#### BRIEF:
Although pictures appear in the entries below, leave them out and print exactly the lines from the first line through the line containing "ALFORDSON Bedside Table".

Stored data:
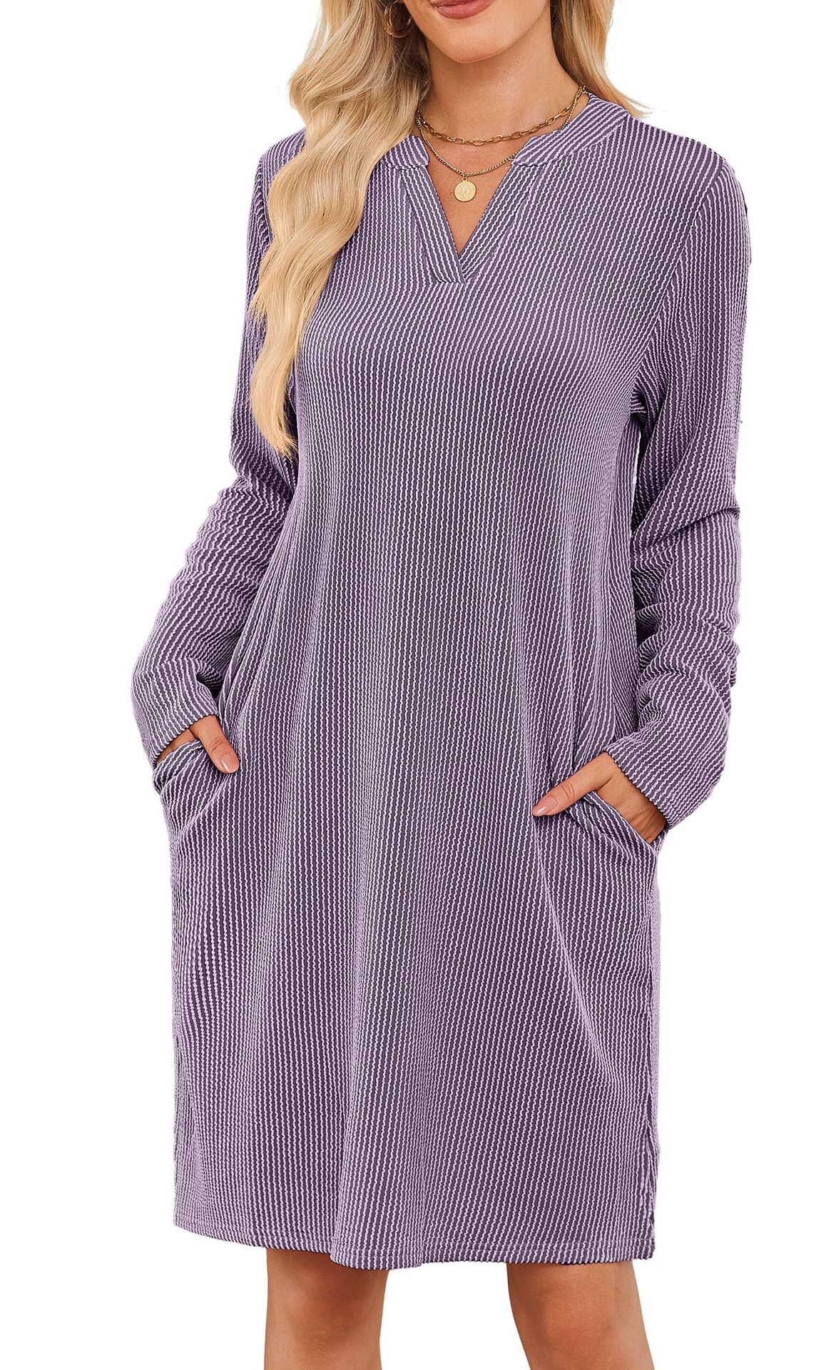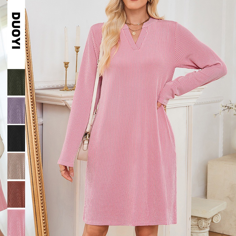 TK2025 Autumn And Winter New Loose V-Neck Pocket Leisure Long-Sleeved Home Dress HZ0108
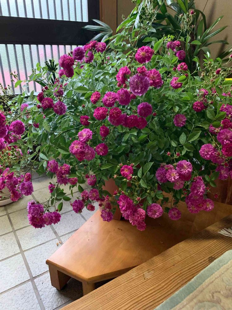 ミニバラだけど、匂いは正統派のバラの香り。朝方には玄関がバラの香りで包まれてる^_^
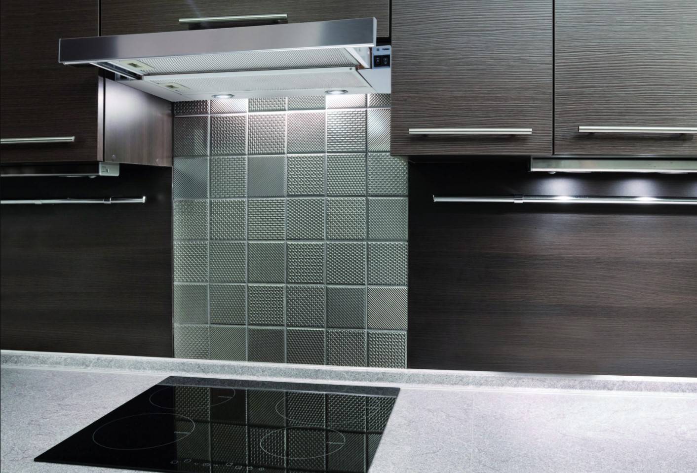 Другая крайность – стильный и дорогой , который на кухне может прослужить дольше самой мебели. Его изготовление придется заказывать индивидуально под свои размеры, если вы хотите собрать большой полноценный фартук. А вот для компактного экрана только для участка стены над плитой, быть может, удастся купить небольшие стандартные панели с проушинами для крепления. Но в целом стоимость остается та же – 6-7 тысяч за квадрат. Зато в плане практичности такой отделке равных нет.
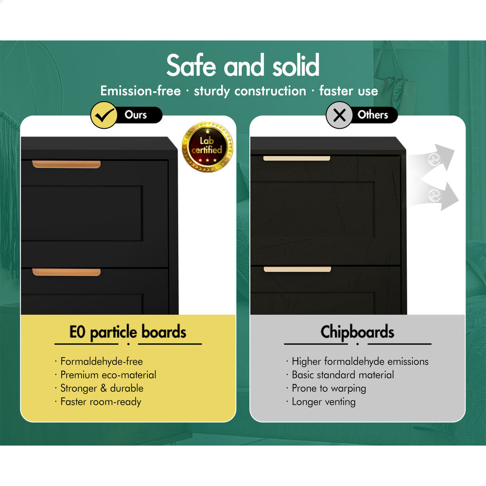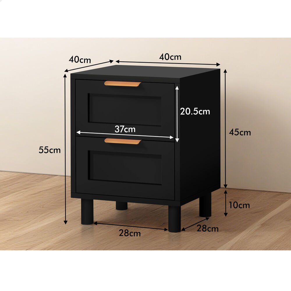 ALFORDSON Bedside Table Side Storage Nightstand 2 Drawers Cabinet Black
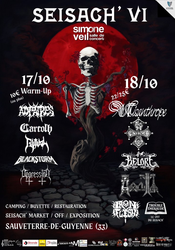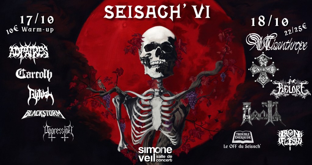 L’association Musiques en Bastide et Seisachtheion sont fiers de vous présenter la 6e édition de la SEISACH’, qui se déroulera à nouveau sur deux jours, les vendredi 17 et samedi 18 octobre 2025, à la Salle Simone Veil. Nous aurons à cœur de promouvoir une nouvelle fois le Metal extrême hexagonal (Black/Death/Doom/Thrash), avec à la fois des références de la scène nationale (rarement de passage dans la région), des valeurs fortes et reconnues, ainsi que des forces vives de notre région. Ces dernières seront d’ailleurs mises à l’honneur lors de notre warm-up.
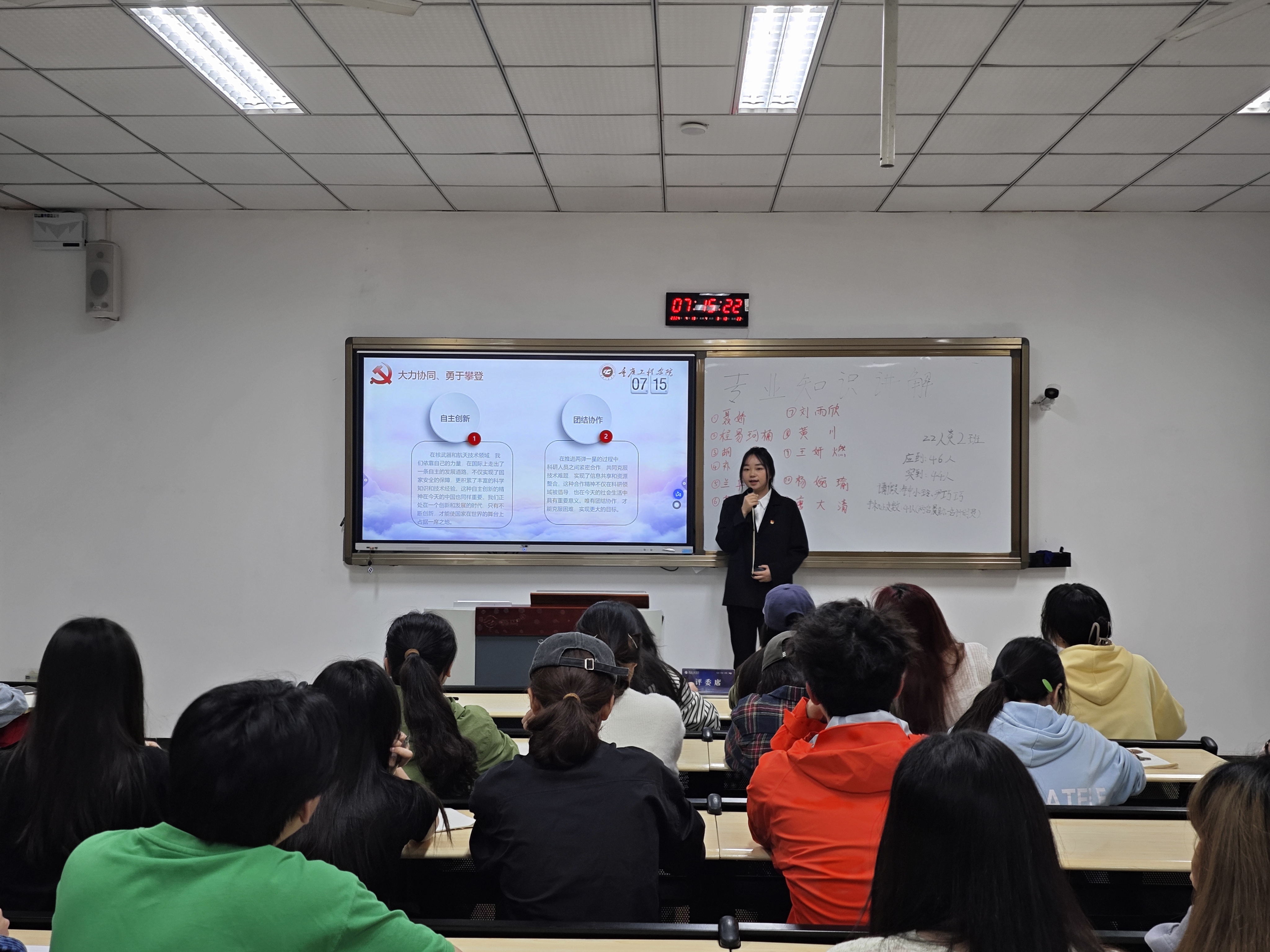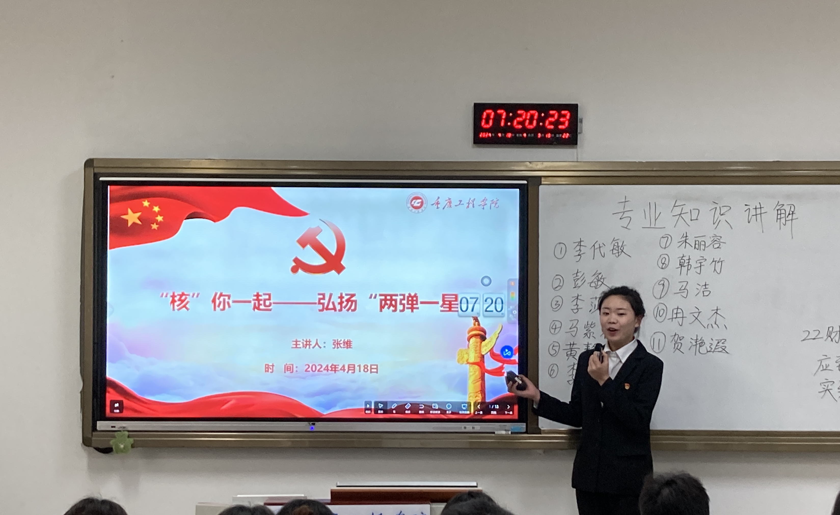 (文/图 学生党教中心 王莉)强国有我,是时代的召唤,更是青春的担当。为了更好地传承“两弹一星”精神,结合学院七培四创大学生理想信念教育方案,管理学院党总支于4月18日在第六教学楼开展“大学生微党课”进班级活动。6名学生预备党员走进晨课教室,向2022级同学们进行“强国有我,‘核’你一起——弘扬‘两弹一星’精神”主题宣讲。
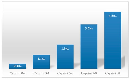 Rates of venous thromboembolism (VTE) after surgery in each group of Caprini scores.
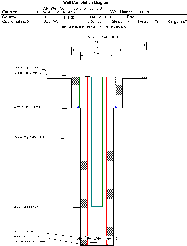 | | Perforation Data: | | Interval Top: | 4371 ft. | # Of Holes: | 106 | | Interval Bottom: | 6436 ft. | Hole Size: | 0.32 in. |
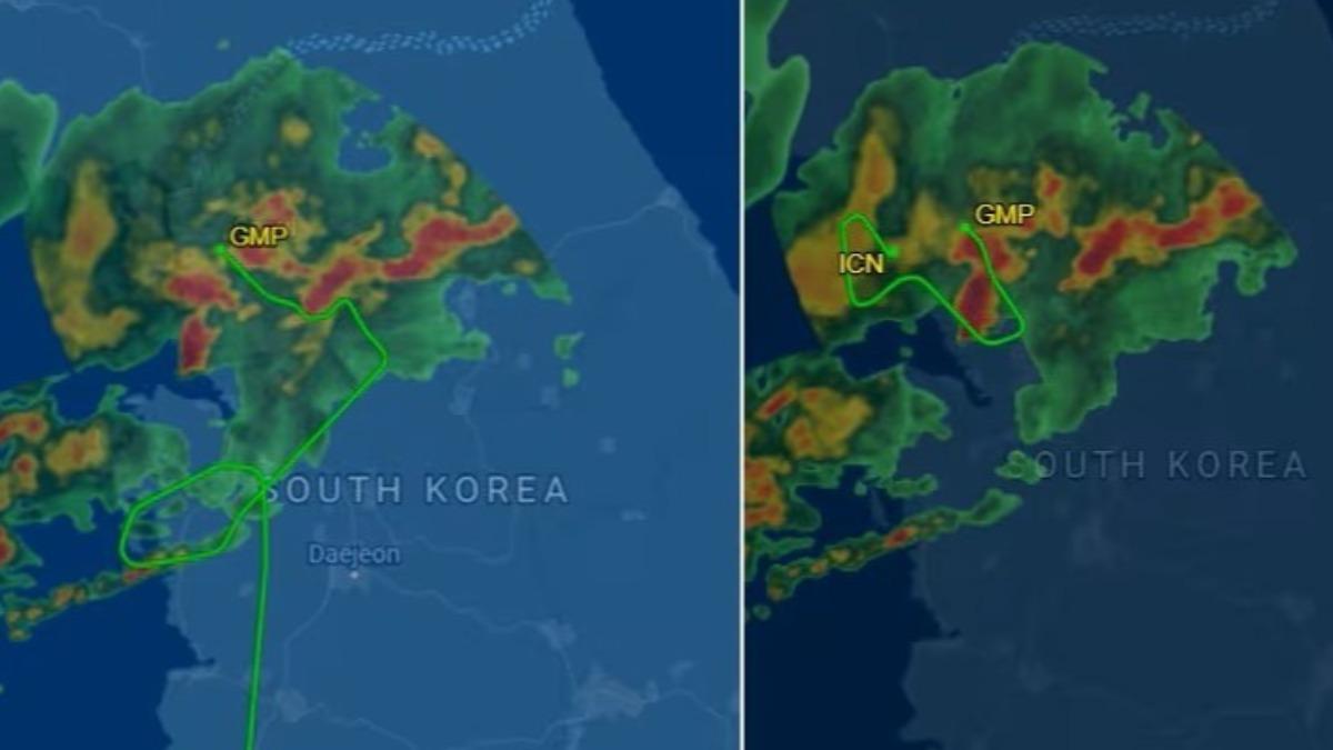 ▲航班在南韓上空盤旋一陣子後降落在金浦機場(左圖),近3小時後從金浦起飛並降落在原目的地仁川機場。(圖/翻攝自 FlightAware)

#### SOLVED EXERCISE:
 TK2025 Autumn And Winter New Loose V-Neck Pocket Leisure Long-Sleeved Home Dress HZ0108
 ミニバラだけど、匂いは正統派のバラの香り。朝方には玄関がバラの香りで包まれてる^_^
 Другая крайность – стильный и дорогой , который на кухне может прослужить дольше самой мебели. Его изготовление придется заказывать индивидуально под свои размеры, если вы хотите собрать большой полноценный фартук. А вот для компактного экрана только для участка стены над плитой, быть может, удастся купить небольшие стандартные панели с проушинами для крепления. Но в целом стоимость остается та же – 6-7 тысяч за квадрат. Зато в плане практичности такой отделке равных нет.
 ALFORDSON Bedside Table Side Storage Nightstand 2 Drawers Cabinet Black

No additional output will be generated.